Linking secondary metabolites to gene clusters through genome sequencing of six diverse Aspergillus species

Abstract

The fungal genus of Aspergillus is highly interesting, containing everything from industrial cell factories, model organisms, and human pathogens. In particular, this group has a prolific production of bioactive secondary metabolites (SMs). In this work, four diverse Aspergillus species (A. campestris, A. novofumigatus, A. ochraceoroseus, and A. steynii) have been whole-genome PacBio sequenced to provide genetic references in three Aspergillus sections. A. taichungensis and A. candidus also were sequenced for SM elucidation. Thirteen Aspergillus genomes were analyzed with comparative genomics to determine phylogeny and genetic diversity, showing that each presented genome contains 15-27% genes not found in other sequenced Aspergilli. In particular, A. novofumigatus was compared with the pathogenic species A. fumigatus This suggests that A. novofumigatus can produce most of the same allergens, virulence, and pathogenicity factors as A. fumigatus, suggesting that A. novofumigatus could be as pathogenic as A. fumigatus Furthermore, SMs were linked to gene clusters based on biological and chemical knowledge and analysis, genome sequences, and predictive algorithms. We thus identify putative SM clusters for aflatoxin, chlorflavonin, and ochrindol in A. ochraceoroseus, A. campestris, and A. steynii, respectively, and novofumigatonin, ent-cycloechinulin, and epi-aszonalenins in A. novofumigatus Our study delivers six fungal genomes, showing the large diversity found in the Aspergillus genus; highlights the potential for discovery of beneficial or harmful SMs; and supports reports of A. novofumigatus pathogenicity. It also shows how biological, biochemical, and genomic information can be combined to identify genes involved in the biosynthesis of specific SMs.

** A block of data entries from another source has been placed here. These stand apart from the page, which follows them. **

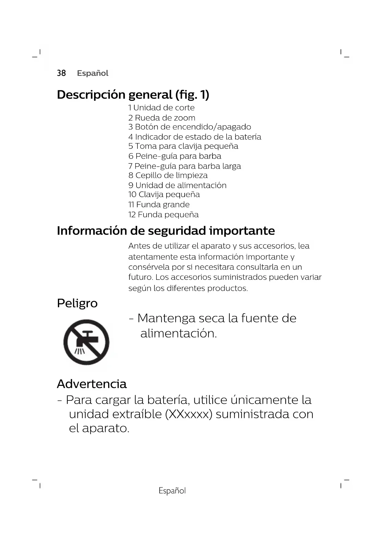 DeutschEspañol Descripción general (fig. 1) 1 Unidad de corte 2 Rueda de zoom 3 Botón de encendido/apagado 4 Indicador de estado de la batería 5 Toma para clavija pequeña 6 Peine-guía para barba 7 Peine-guía para barba larga 8 Cepillo de limpieza 9 Unidad de alimentación 10 Clavija pequeña 11 Funda grande 12 Funda pequeña Información de seguridad importante Antes de utilizar el aparato y sus accesorios, lea atentamente esta información importante y consérvela por si necesitara consultarla en un futuro. Los accesorios suministrados pueden variar según los diferentes productos. Peligro - Mantenga seca la fuente de alimentación. Advertencia - Para cargar la batería, utilice únicamente la unidad extraíble (XXxxxx) suministrada con el aparato.
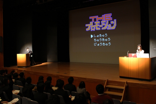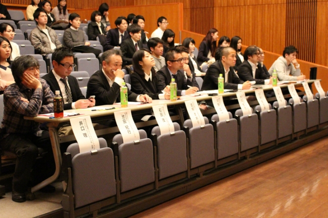 当イベントのメインコンテンツであるプロモーション企画コンテストでは、100組を超えるエントリーから企画審査を通過した6組のスーパー就活生たちによるプレゼンバトルが行われました。「とある書籍を1万人の学生に知らしめる企画を考えよ!」というお題に対し、参加チームの学生たちは凝りに凝って用意した企画書を大画面に映写しながら、熱のこもったプレゼンテーションを行い、企画力とプレゼン力をアピール。
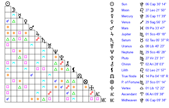 | Pluto | 27 Virgo 23 | 0 Aquarius 57 | 26 Virgo 40 |
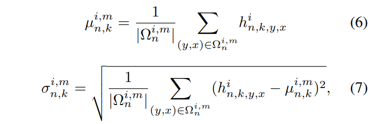 인스턴스 표준화 [26]와 유사하게, 활성화는 채널별로 표준화된다. 그러나 ALIAS 정규화는 채널 k의 활성화를 잘못 정렬된 영역과 다른 영역의 활성화로 나눈다.
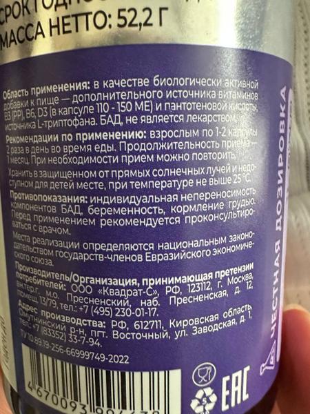 Отзыв: Случилась со мной одна неприятная вещь под названием бессонница. Этому наверняка препятствовал сильнейший стресс, который я пережила некоторое время назад. Организм, видимо, дал сбой и никак не удавалось снова найти гармонию с собой. Для восстановления баланса приобрела ночной комплекс витаминов для сна и против стресса Триптофан (Витамир про) Витамины в виде капсул стандартного размера. Находятся они в пластиковой баночке темного цвета. На этикетке имеется информация о продукте. В том числе с… Читать далее
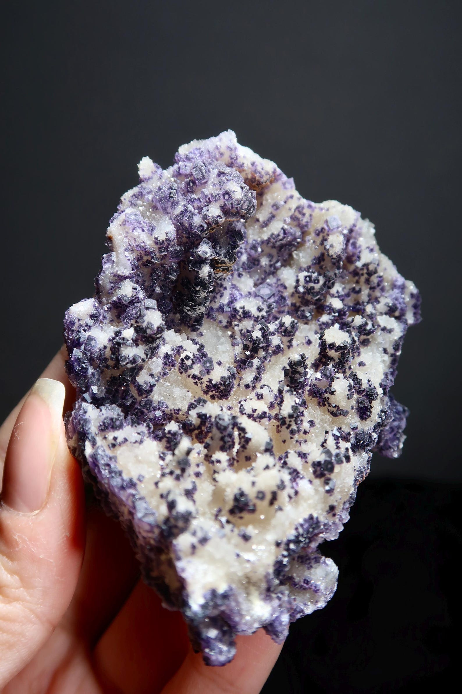 Fluorita con código QR de dados / Fluorita púrpura natural sobre matriz ...
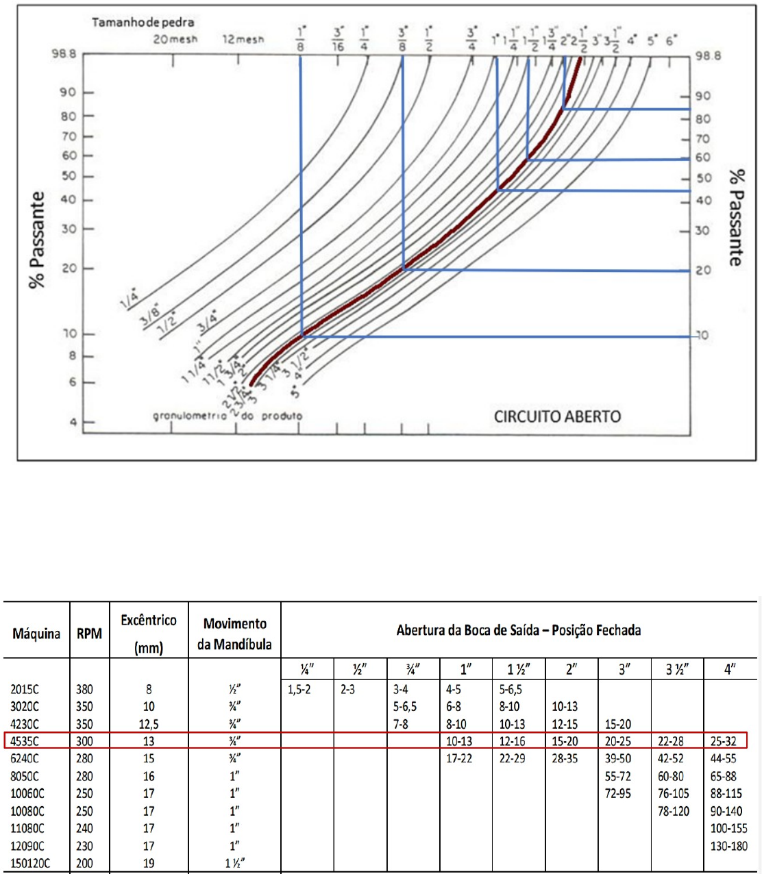 Gráfico de distribuição granulométrica de Britadores de mandíbula Tabela de modelo dos britadores de mandíbulas Fator A Fator B Fator C Fator D Gráfico Capacidade da peneira Grafico fator f1 peneira 1 Fator f2 Fatores de f3 a f8 Tabela de Área aberta da tela peneira 1 Tabela Modelo da peneira 1
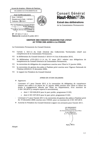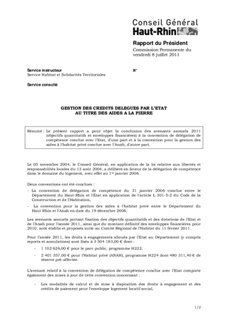 Le présent rapport a pour objet la conclusion des avenants annuels 2011 (objectifs quantitatifs et enveloppes financières) à la convention de délégation de compétence conclue avec l’Etat, d'une part et à la convention pour la gestion des aides à l'habitat privé conclue avec l’Anah, d'autre part.
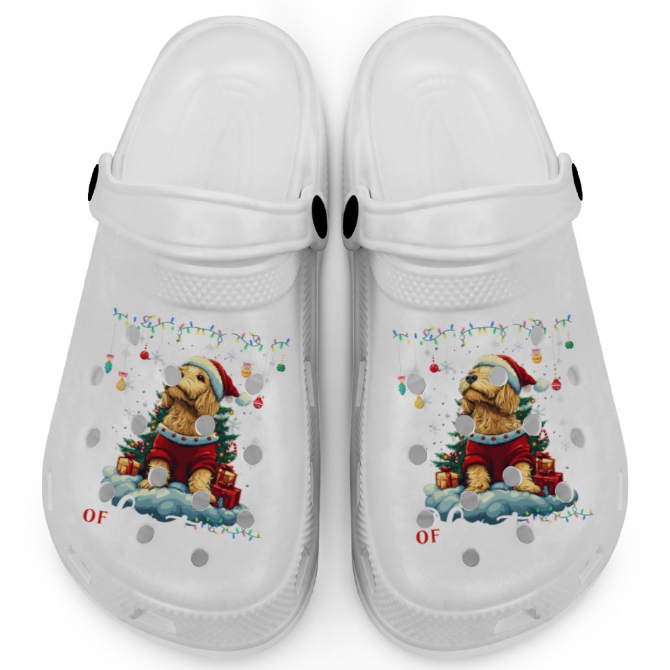 The product unique design you searched for is Golden Retriever Christmas Tree Decorations Dog Clogs For Kids WHITE belong theme Clogs at Printblur
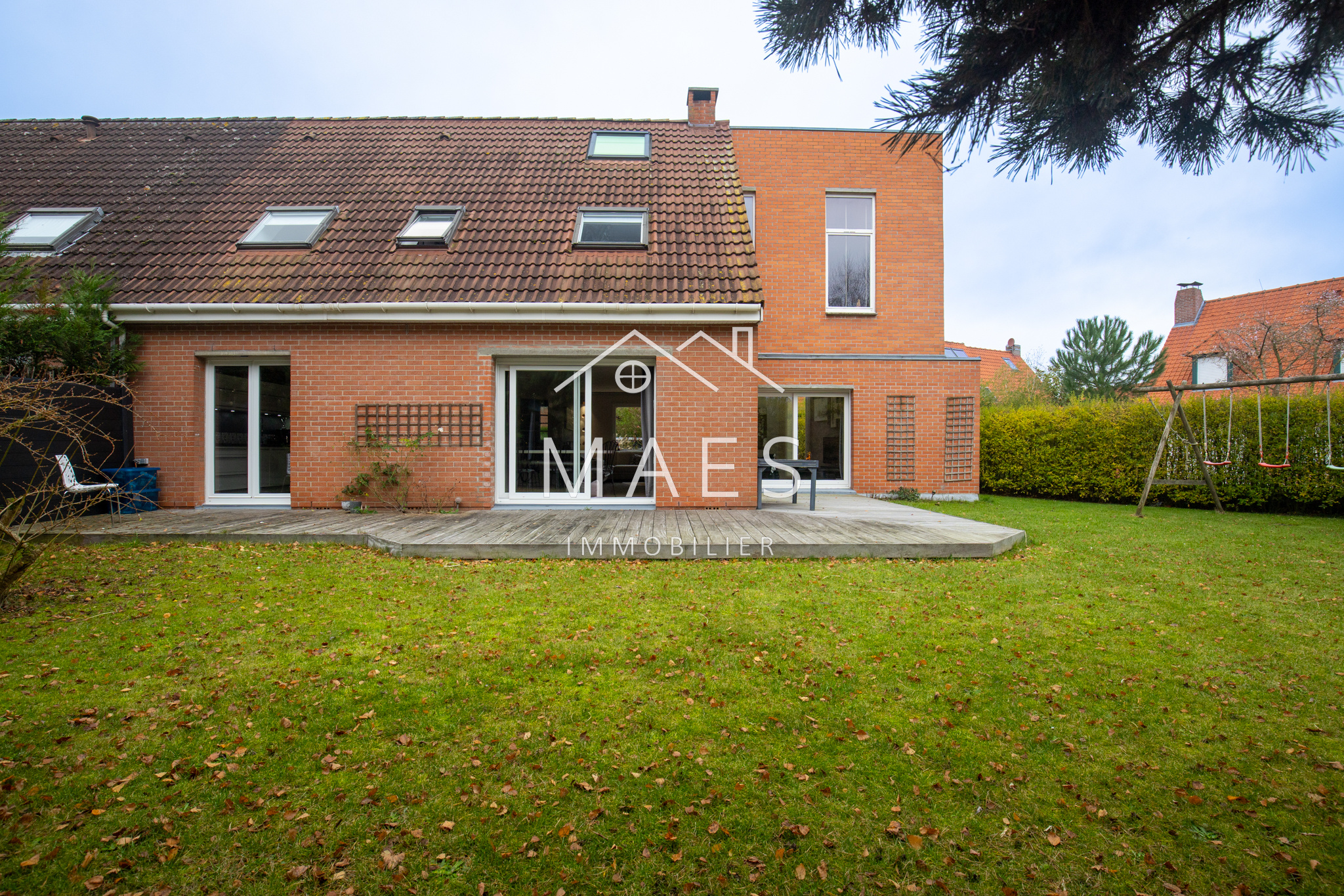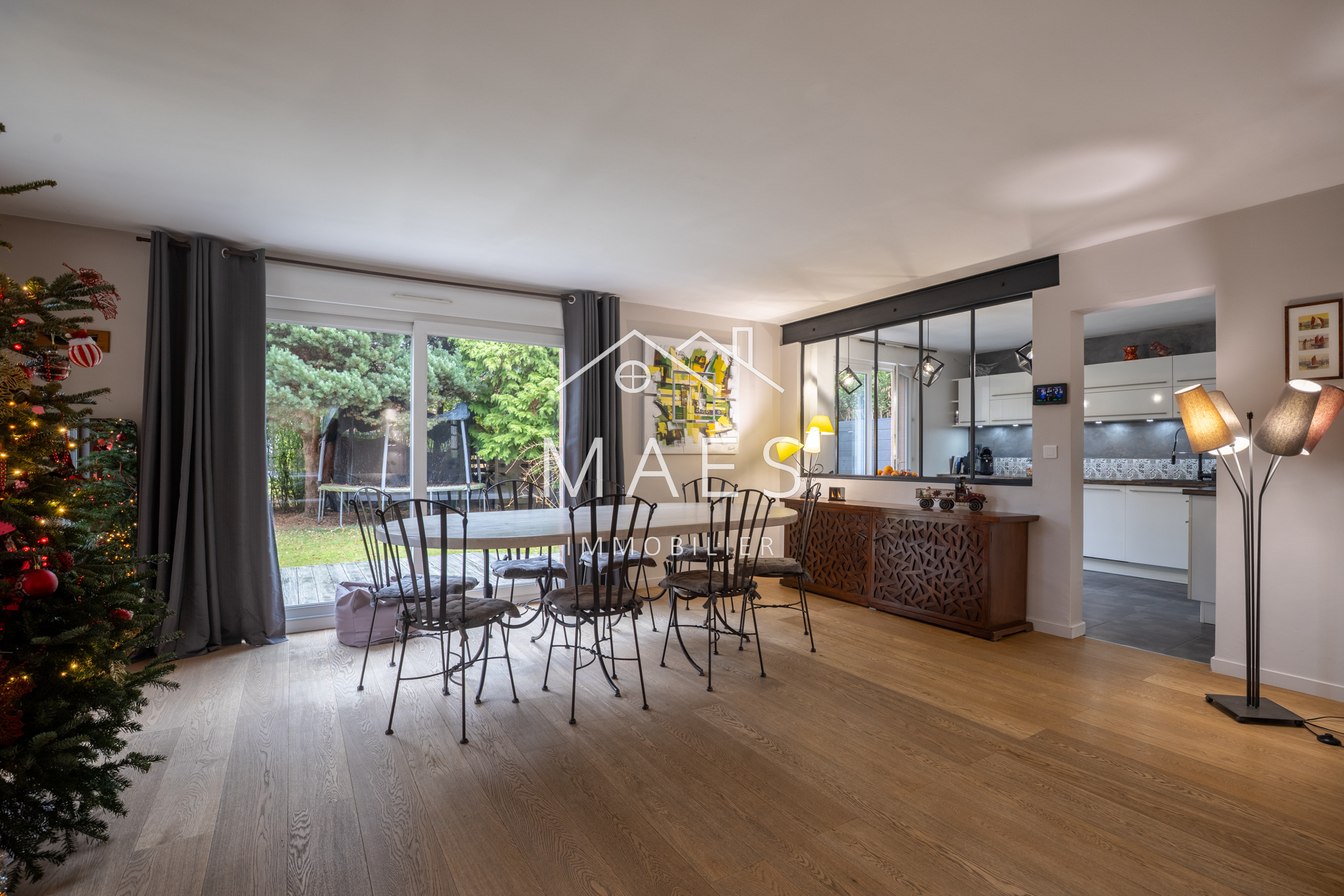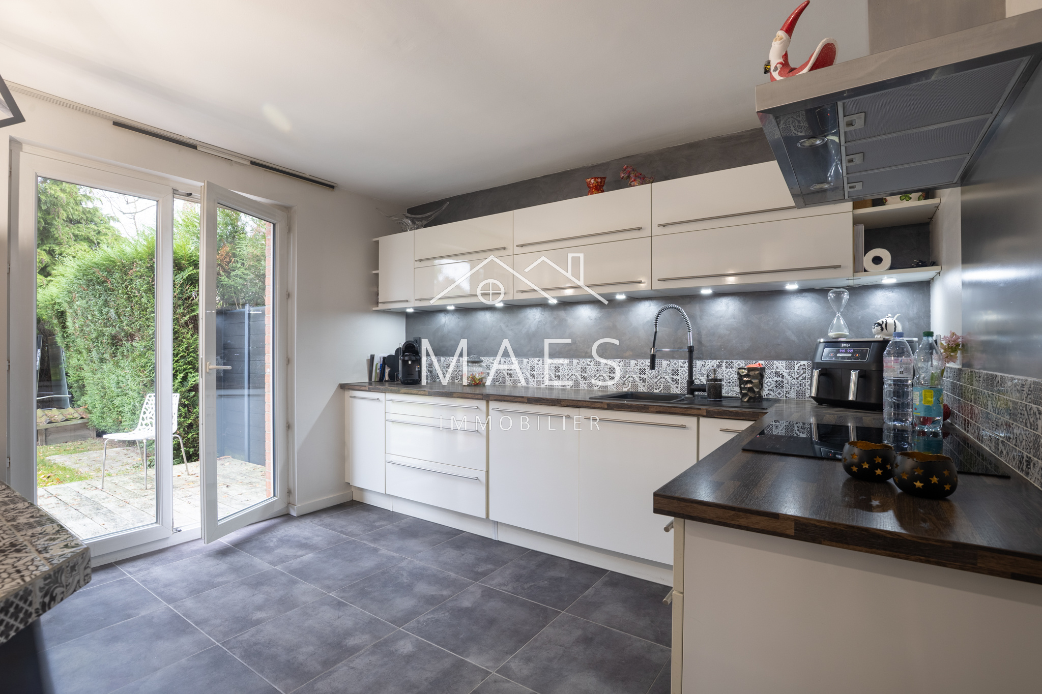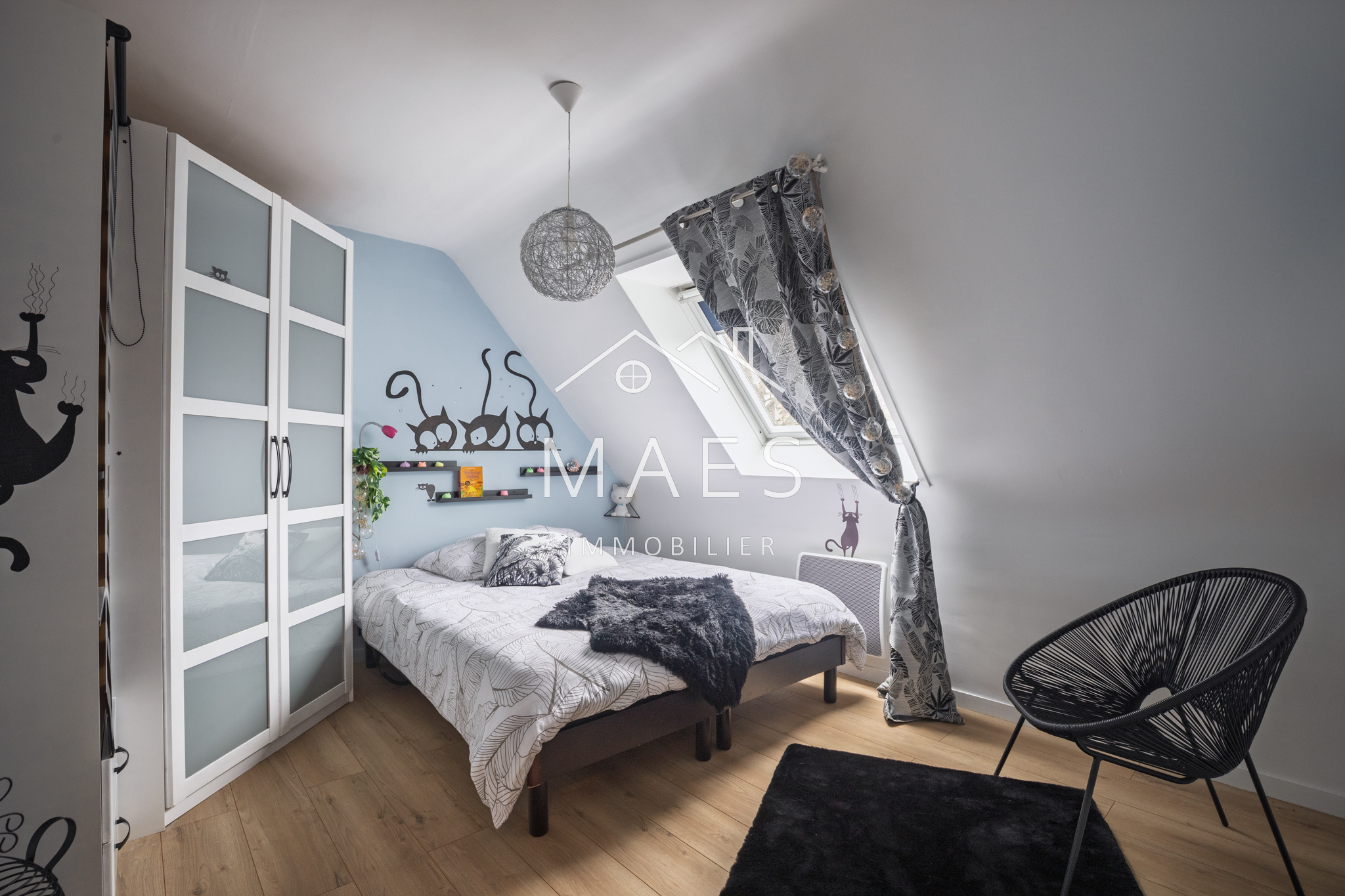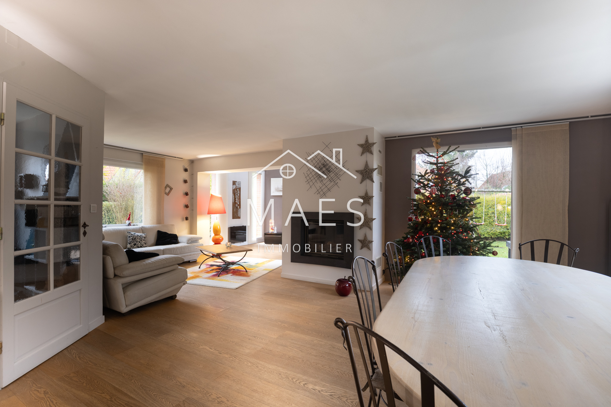 BONDUES - Idéalement située au calme dans un écrin de verdure, dans le domaine prisé du Vert Touquet, à proximité des commerces, écoles et transports, des champs pour vos promenades : COUP DE COEUR assuré pour cette charmante maison semi-individuelle de 1986 d'environ 118 m2 habitables (170 m2 au sol) bâtie sur un beau terrain arboré de 540 m2 ! Vous apprécierez ses volumes et prestations de qualité : l'entrée avec WC et vestiaire vous mène à un salon / séjour baigné de lumière, agrandi en 2010 par une belle extension formant un espace de vie convivial de plus de 60 m2 et intégrant un espace bureau en mezzanine.Une cuisine équipée, semi-ouverte par une magnifique verrière et fonctionnelle grâce à ses nombreux rangements et à son plan déjeunatoire. Le tout donnant sur la grande terrasse et l'agréable jardin où vous passerez de bons moments en famille ou entre amis. A l’étage, un large palier dessert quatre chambres confortables, toutes équipées de placards, ainsi qu’une salle de bains avec grande vasque et douche. Bel atout de la maison : les combles aménagés offrent une cinquième chambre lumineuse, idéale pour une salle de jeux, une chambre d’amis ou un spacieux bureau selon vos besoins. A l'extérieur, un jardin soigné d'environ 350 m2 agrémenté d'une terrasse bois et d'un chalet de jardin. Garage de 16m2 et deux places de parking extérieures privatives. Venez vite découvrir cette maison rare à la vente, chaleureuse et parfaitement entretenue, dans un cadre de vie exceptionnel !

Keywords: Aspergillus; comparative genomics; fumigatus; secondary metabolism.

Fig. 1.

Phylogenetic tree of 15 strains constructed from a composition vector approach of whole-proteome sequences using CVTree3 with a K’mer size of eight (19, 20). The time scale has been scaled to the root, thereby making the branch lengths relative to the distance between the root and the species. This time will therefore depend on what species are included in the set. The four PacBio-sequenced species are marked with orange, and the Fumigati section is marked with blue.

Fig. 2.

(A) Overview of the SM gene clusters predicted in A. novofumigatus and their homologs in the reference species. (B) Overview of the SM gene clusters predicted in A. fumigatus and their homologs in the reference species. (C) A Venn diagram of the A. fumigatus and A. novofumigatus SM gene clusters. (D) The number and different types of SM gene clusters predicted in A. fumigatus and A. novofumigatus. DMATS, dimethylallyl tryptophan synthase; NRPS, nonribosomal peptide synthetase; PKS, polyketide synthase; TC, terpene cyclase.

Fig. 3.

Synteny plots of investigated clusters made using Easyfig tBLASTx. (A) The synteny of the predicted aflatoxin cluster in A. flavus NRRL3357 and the identified candidate aflatoxin cluster in A. ochraceoroseus (scaffold 2, 4,201,774–4,251,209 bp). (B) Synteny plot of the candidate cluster for ochrindol in A. steynii (scaffold 7, 2,783,445–2,824,507 bp) and terrequinone cluster in A. nidulans. The terrequinone cluster consists of a single-module nonribosomal peptide synthetase (tdiA), a prenyltransferase (tdiB), an oxidoreductase (tdiC), an aminotransferase (tdiD), and a gene of unknown function similar to a methyl transferase (tdiE). (C) Synteny plot of the known meroterpenoid cluster of terretonin in A. terreus and the candidate cluster of novofumigatonin in A. novofumigatus (scaffold 14, 103,246–136,450 bp). (D) The chemical structure of chlorflavonin and the candidate cluster for chlorflavonin in A. campestris (scaffold 1, 576,100–603,958 bp). The hydroxylation has been highlighted with blue, the O-methylation has been highlighted in purple, and the PKS backbone has been highlighted in orange. (E) Synteny plot of putative chlorflavonin clusters in A. candidus and A. campestris.